→ EXERCISE DETAILS:
In this exercise, write out the data word for word and leave every image out.

→ DATA SHOWN:
- - -

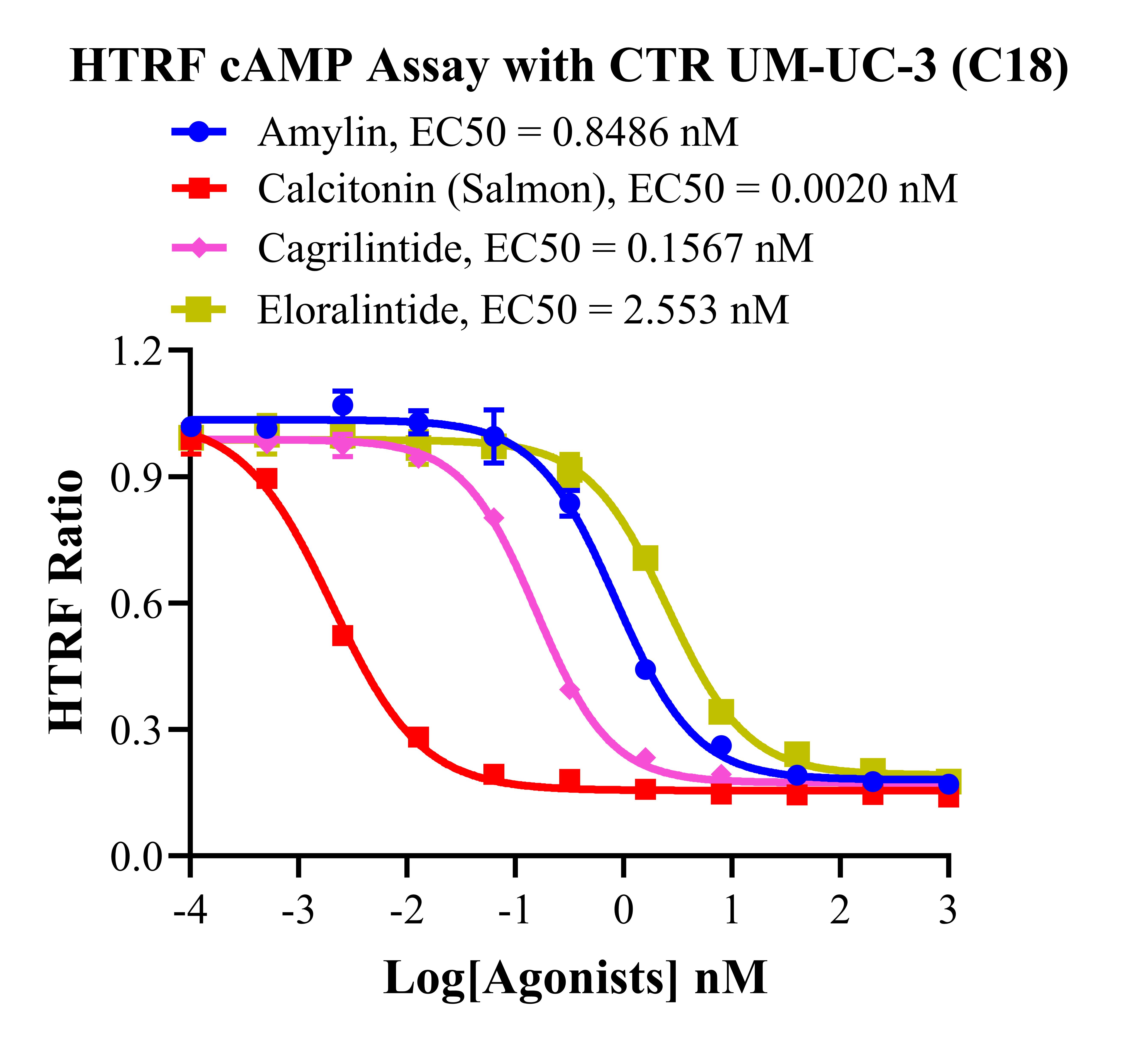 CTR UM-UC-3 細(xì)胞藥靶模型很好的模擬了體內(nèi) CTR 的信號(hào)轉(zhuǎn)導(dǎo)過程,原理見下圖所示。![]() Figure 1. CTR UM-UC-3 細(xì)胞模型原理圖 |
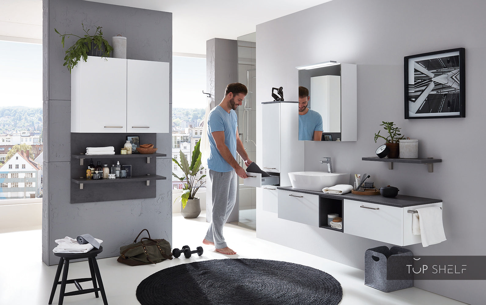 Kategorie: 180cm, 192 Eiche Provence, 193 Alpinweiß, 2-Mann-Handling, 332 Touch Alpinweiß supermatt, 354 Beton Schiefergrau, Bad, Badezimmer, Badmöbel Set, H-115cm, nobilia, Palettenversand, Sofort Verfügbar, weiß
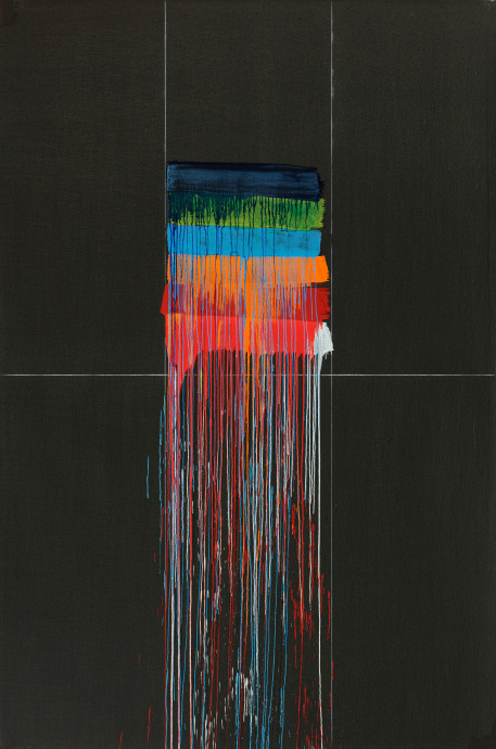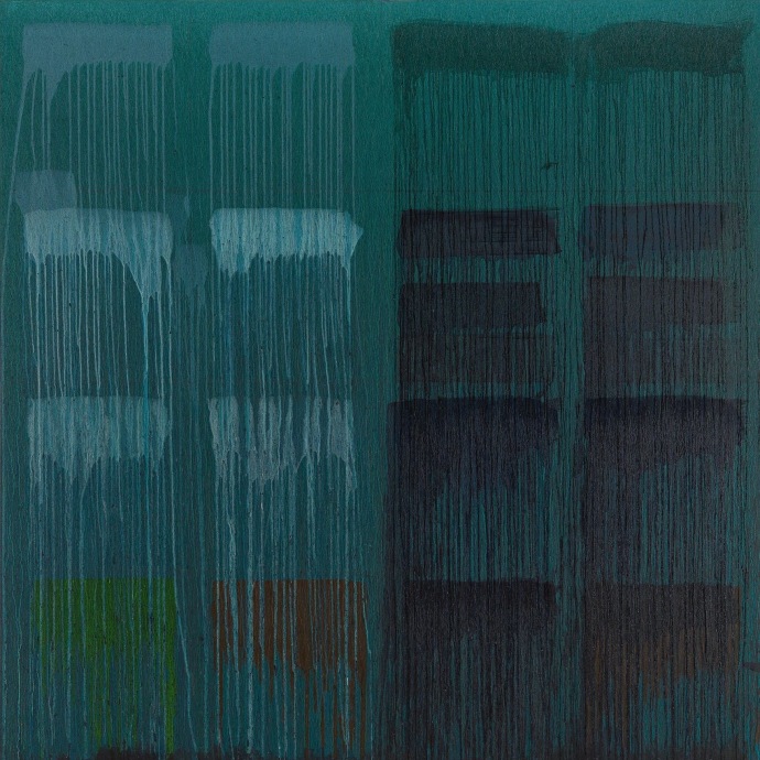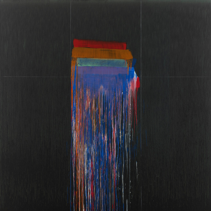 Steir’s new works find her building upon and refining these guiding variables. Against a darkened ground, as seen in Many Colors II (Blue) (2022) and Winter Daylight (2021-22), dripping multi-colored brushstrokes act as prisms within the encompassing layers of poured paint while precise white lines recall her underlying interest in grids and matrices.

- - -

→ OUTPUT FOR THIS TASK:
 CTR UM-UC-3 細(xì)胞藥靶模型很好的模擬了體內(nèi) CTR 的信號(hào)轉(zhuǎn)導(dǎo)過程,原理見下圖所示。![]() Figure 1. CTR UM-UC-3 細(xì)胞模型原理圖 |
 Kategorie: 180cm, 192 Eiche Provence, 193 Alpinweiß, 2-Mann-Handling, 332 Touch Alpinweiß supermatt, 354 Beton Schiefergrau, Bad, Badezimmer, Badmöbel Set, H-115cm, nobilia, Palettenversand, Sofort Verfügbar, weiß
 Steir’s new works find her building upon and refining these guiding variables. Against a darkened ground, as seen in Many Colors II (Blue) (2022) and Winter Daylight (2021-22), dripping multi-colored brushstrokes act as prisms within the encompassing layers of poured paint while precise white lines recall her underlying interest in grids and matrices.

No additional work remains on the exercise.